A team of researchers led by King Abdullah University of Science and Technology (KAUST) in Saudi Arabia recently used the Plant Accelerator to discover a rice gene that helps it grow in salty conditions.
A number of researchers from the University of Adelaide and University of South Australia were also involved in the study.
Scientific Director at The Plant Accelerator Bettina Berger said the discovery of the gene meant it had the potential to be extracted and transferred to other varieties.
“Having the Plant Accelerator means we don’t have to kill the plants, cut them off, put them on scales and weigh them, which is what traditionally you had to do,” she said.
“We grew over 500 genotypes of rice for this study and looked at the one that grew best under salt, ultimately finding the gene that was more salt tolerant.
“It still needs to go into field trials but it would be possible to use rice as a model plant for other cereal plants such as wheat and barley, to see if the same gene is present there and if it has the same effect.”
The Plant Accelerator consists of several kilometres of conveyor belts where plants sit in little carts and travel around getting photographed and measured.
It has been in operation since 2010 and has assisted universities and research organisations from around Australia and the world.
The facility studies up to 2400 plants a day and uses a range of different cameras to measure temperature, water absorption, colour, shoot mass, size, health and physical traits of plants.

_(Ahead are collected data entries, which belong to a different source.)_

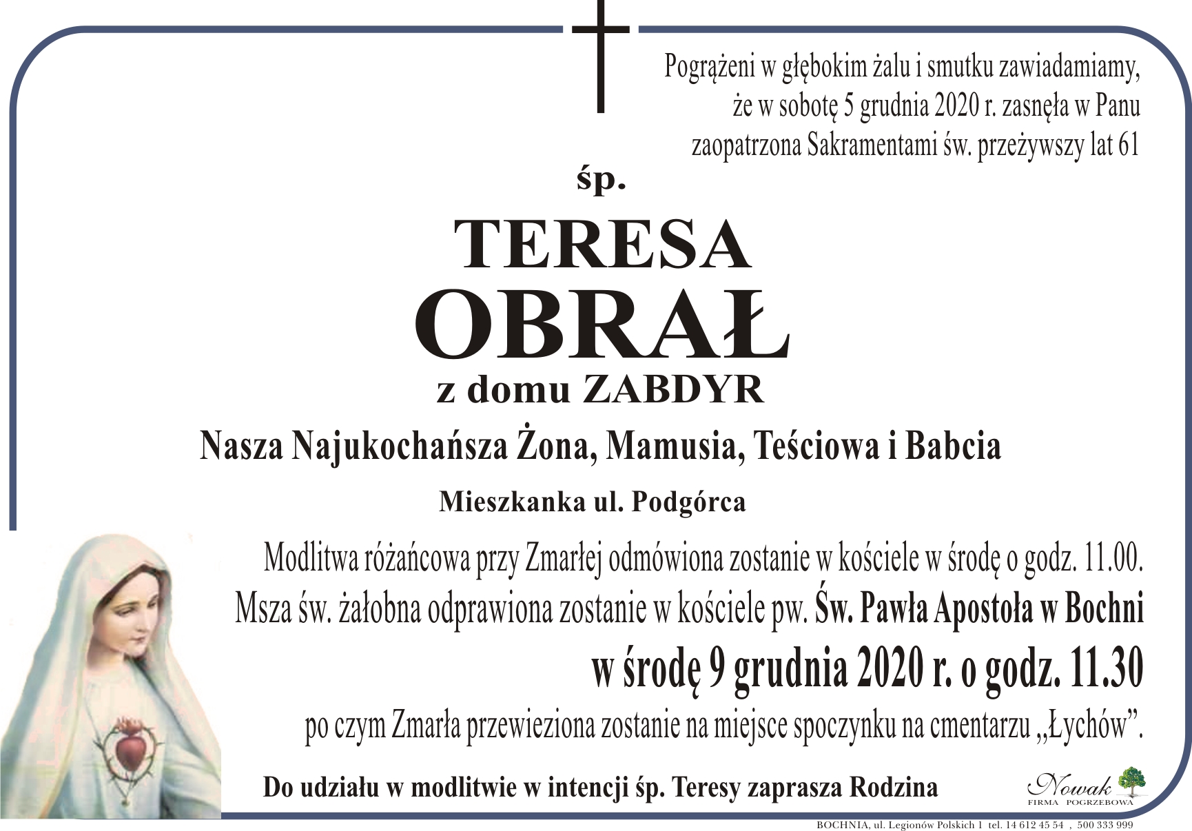 ś.p. Teresa Obrał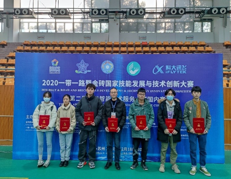 2020年12月20日,2020一带一路暨金砖国家技能发展与技术创新大赛之第二届人工智能技术服务大赛国内赛闭幕式在苏州市职业大学举行。我校讯飞人工智能学院团队由专职老师姜抗带领18级空信专业6名学生(陈宏、岑徐节、陈香、吴泽杰、唐小林、李菲菲)组成两支队伍参加本次大赛,并分别斩获二等奖和优秀奖。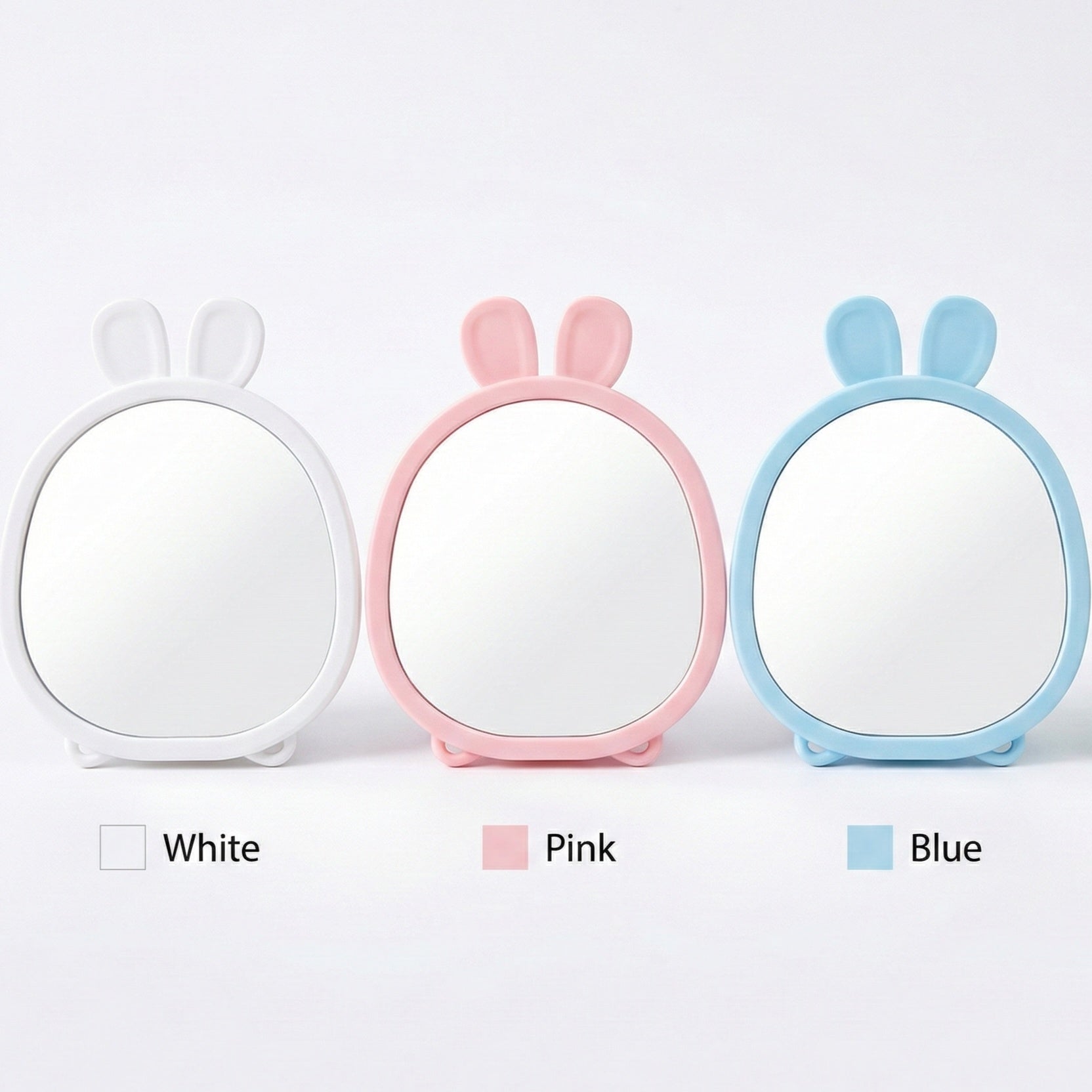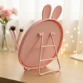 Featuring distinctive rabbit ear-shaped accents, this mirror brings playful character to any bedroom, bathroom, or dressing area. The stable tabletop design ensures reliable placement on desks, dressers, or shelves, while the reflective surface provides clear visibility for grooming and styling. Perfect for those seeking a unique decorative piece that doesn't compromise on practicality, this mirror transforms everyday routines into moments of joy. An ideal gift for animal lovers and design enthusiasts alike.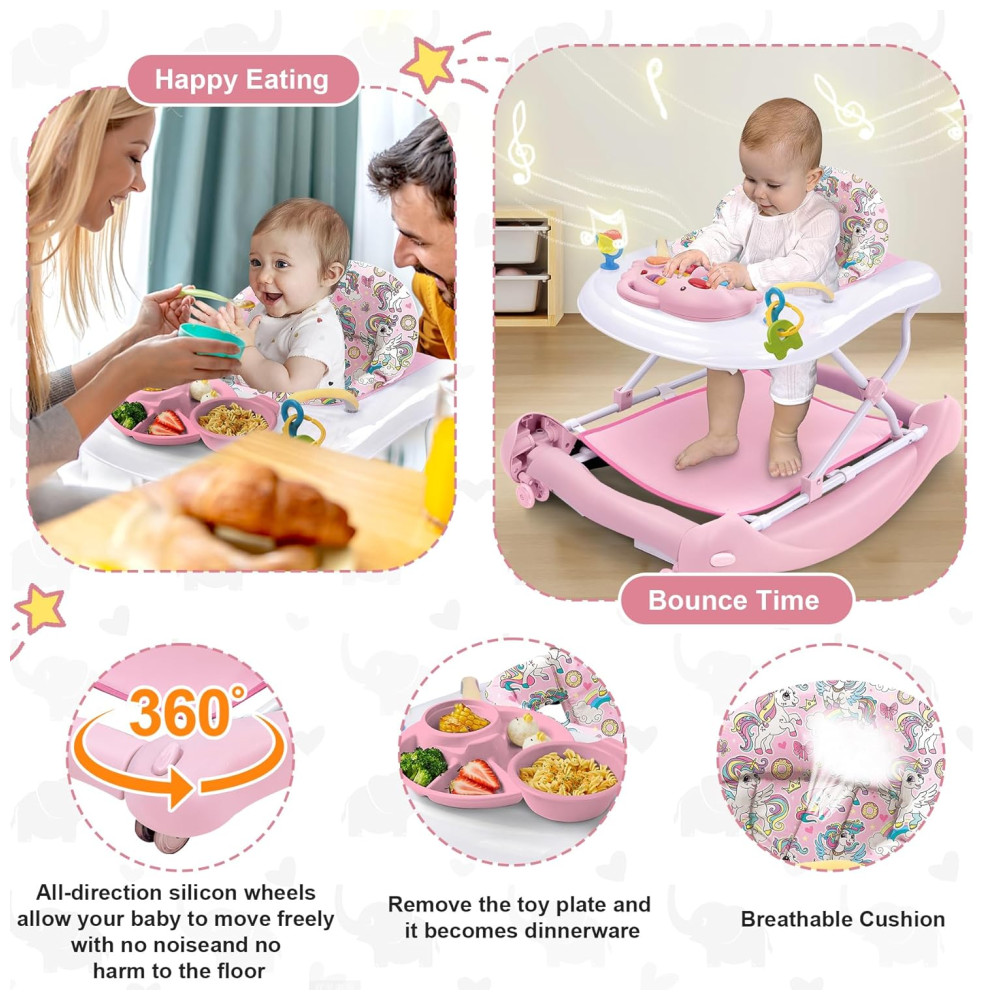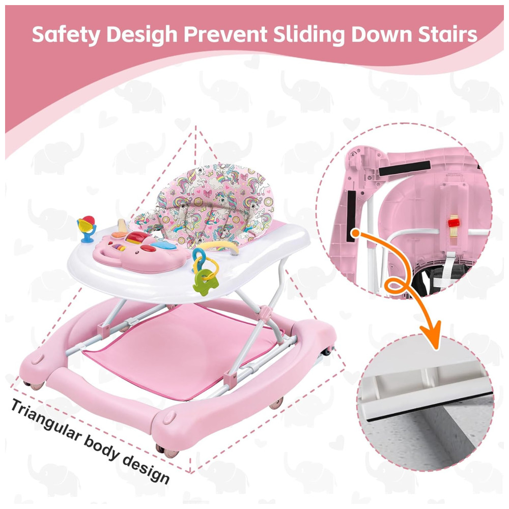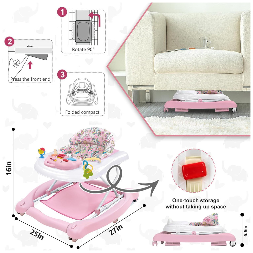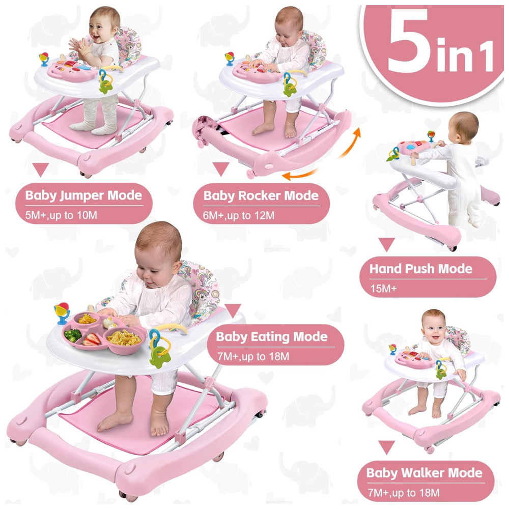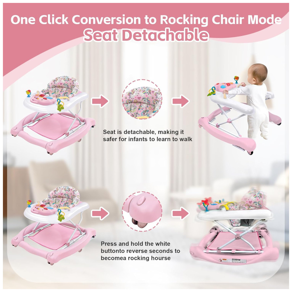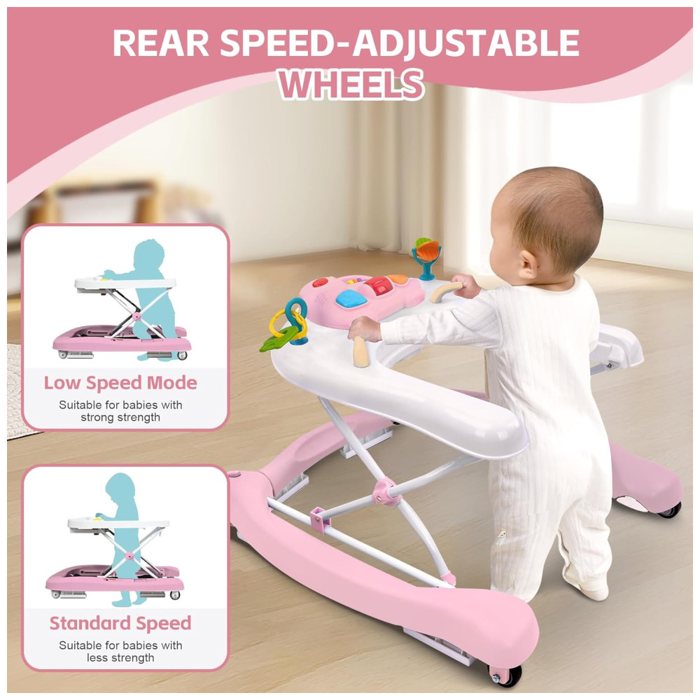 Andador Dobrável 5 em 1 Pawtong Centro de Atividades Balanço Assento Empurrador Altura Ajustável Rodas Traseiras Velocidade Regulável Rosa

It also automatically weighs each plant, measuring and recording its growth over time.
For the KAUST study, two diverse sets of rice (indica and aus), along with hundreds of varieties in each set, were grown under low and high salinity. They were then photographed daily over 13 days to monitor biomass and shoot development.
It showed that some genes were important to growth in the first two to six days, while other genes became prominent later.
The researchers found the indica lines fared better than aus, leading the team to uncover significant genetic differences between the varieties.
Combining data on relative growth rate, transpiration rate and transpiration use efficiency means researchers can search for genetic activity related to specific plant traits.
Rice is a staple food for more than half of the world’s population, yet it is also the most salt-sensitive cereal crop.
According to Statista, more than 470 million tonnes of husked rice was produced in the past two harvesting years worldwide.
China is the world’s leading rice producer, growing more than 200 million tonnes a year, while India is the country with the largest area where rice is harvested.
“Providing high-quality research infrastructure, such as The Plant Accelerator, enables scientists in Australia and around the world to study novel aspects of crop tolerance to stress, which often require measurements over time instead of single time points,” Dr Berger said.
The Plant Accelerator is the headquarters of the Australian Plant Phenomics Facility and funded under the National Collaborative Infrastructure Strategy.
It houses about 20-25 projects a year, including international studies from around the world.
“Thanks to the unique Plant Accelerator facility at the Waite campus, we could analyse numerous aspects of the growth of multiple plants simultaneously,” says project leader Mark Tester from KAUST’s Centre for Desert Agriculture.
The study was published online in the journal Nature Communications.